Всем, наверное, известна притча о теории вероятностей, о творческом потенциале шимпанзе или гориллы, которые запросто состряпают однажды монолог Гамлета, ежели проведут за пишущей машинкой вечность-другую. Не берусь оспаривать эту точку зрения, равно как и приветствовать ее. Выдвину, однако же, такой тезис: ежели ожидать от обезьяны острот, состряпанных по тому же рецепту, тем более сатирических произведений солидного размаха и точного прицела, она обманет ваш оптимизм. При механической стыковке слов можно получить мертвое соседство значений, никак не игру, словарную смежность понятий вместо карнавального веселья.
Разговор этот — отнюдь не праздно-теоретический. Смеховой облик «Мастера» во многом, и даже в главном, определяется образом повествователя. Вот почему нам было так важно настичь его на самовыражении, на расслабленности, которой сопутствует откровенность, на откровенности, которая обнажает нравственные и вкусовые мерки личности. Что же удалось внимательному читателю установить за считанные мгновения контакта? Не так уж много, но и не мало: презирает толпу наш уличный незнакомец (или, пожалуй, в пору теперь сказать, знакомец); духовные блага ставит неизмеримо выше земных, материальных; беспощадно саркастичен при встречах с глупостью и лицемерием. Впрочем, нужны ли прямые декларации принципов там, где их реализации отдан целый роман?!

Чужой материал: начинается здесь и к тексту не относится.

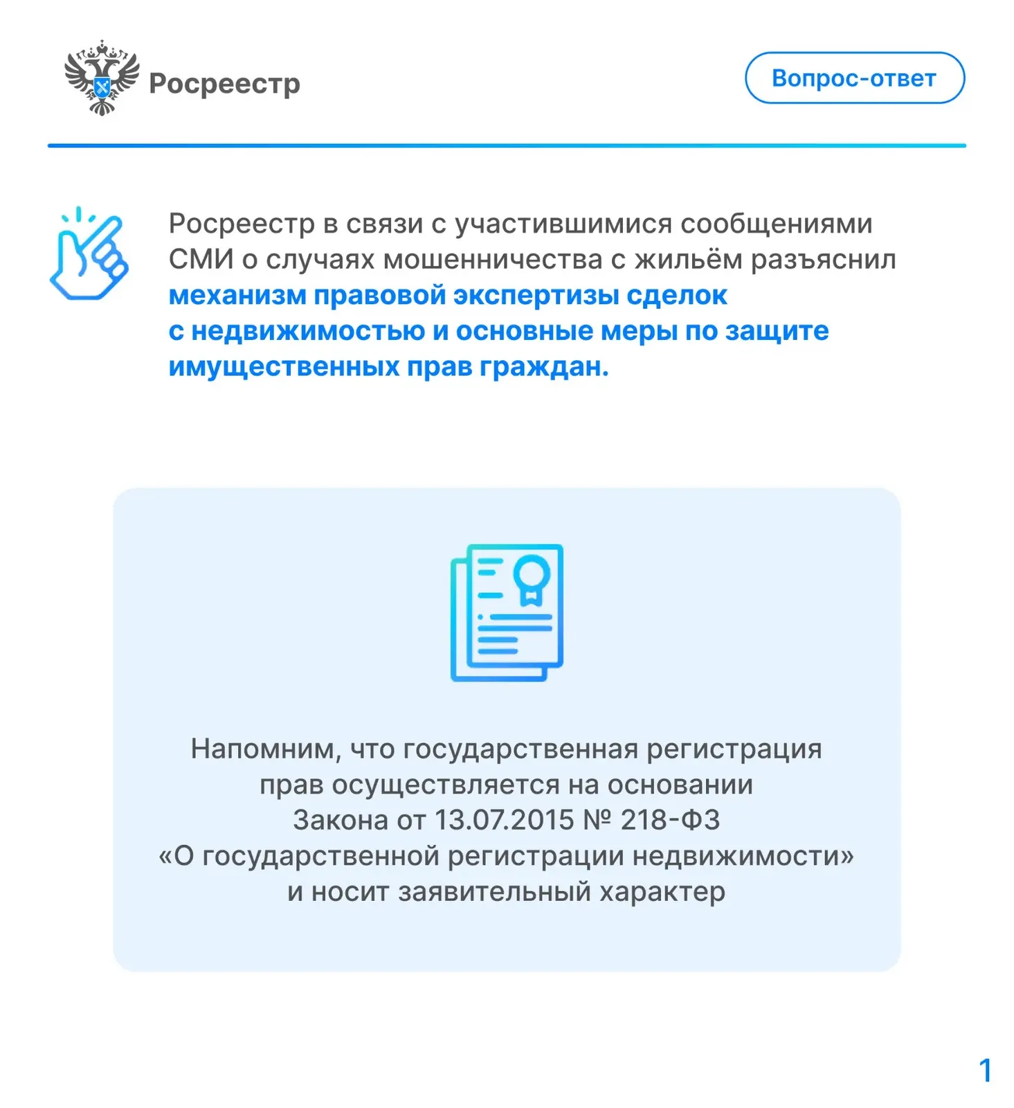 Узнать о механизме проверки законности сделок с недвижимостью помогут подготовленные Росреестром инфокарточки.
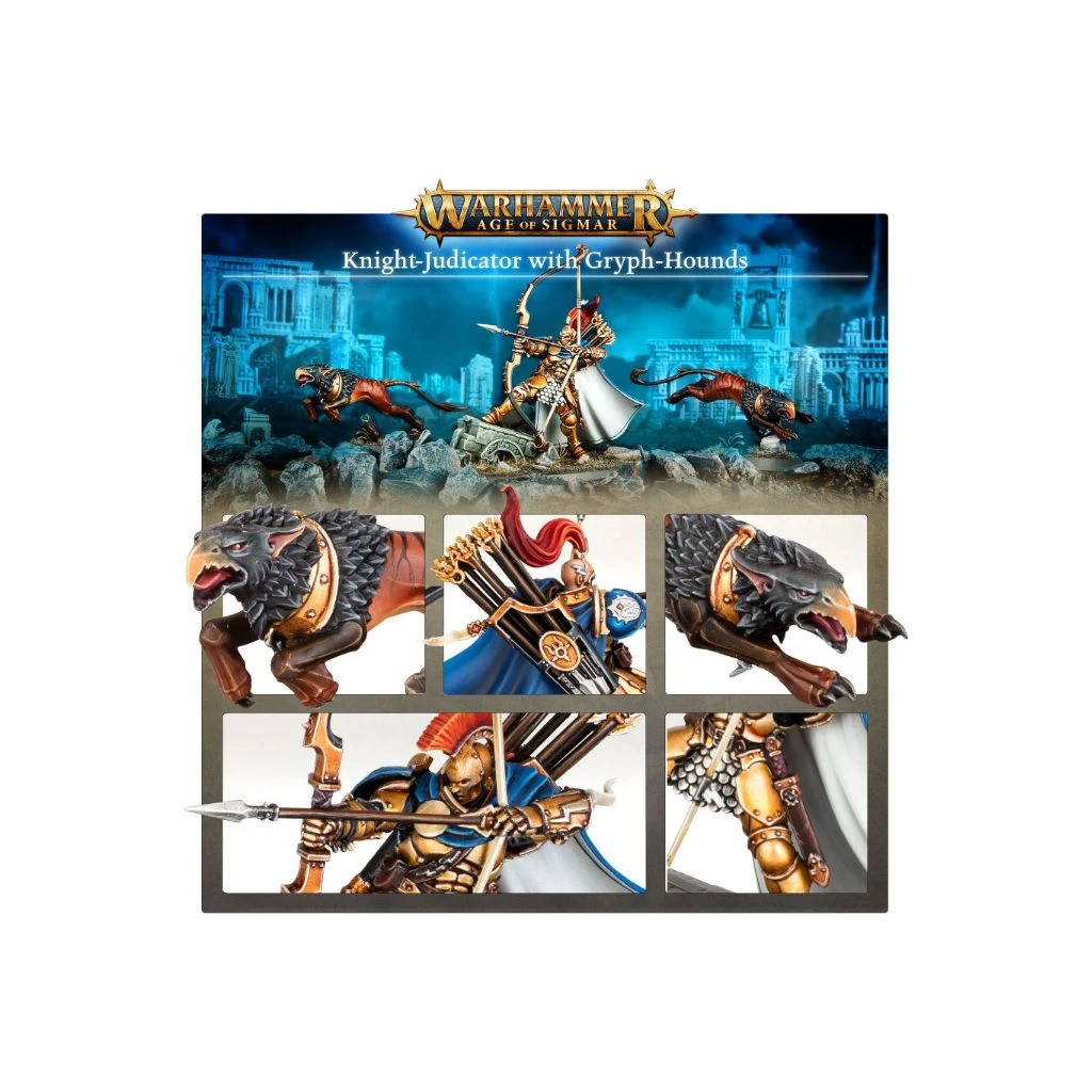 Le Chevalier-Judicator est un officier à l’œil d’aigle des Conclaves Angelos qui manie le terrifiant grand arc terminus, une arme gigantesque pouvant abattre les cibles les plus imposantes à l’autre bout du champ de bataille. Ses fidèles Gryph-dogues le protègent des dangers environnants et harcèlent les ennemis qui approchent trop.

Не принято рассуждать о лице повествователя как о визуальной реальности. Но бывает иной раз такая нужда. И если признать ее настоятельную необходимость, о физиономии нашего уличного зеваки будут сказаны не слишком лестные фразы. Она надменна до крайности, и этот визуальный стереотип постоянно поддерживается гримасой превосходства над простыми смертными. Правильней всего было бы обозначить ее булгаковским словом «оскал», но «оскал» уже отдан Пилату. Именно так характеризуется его насмешка над окружающими.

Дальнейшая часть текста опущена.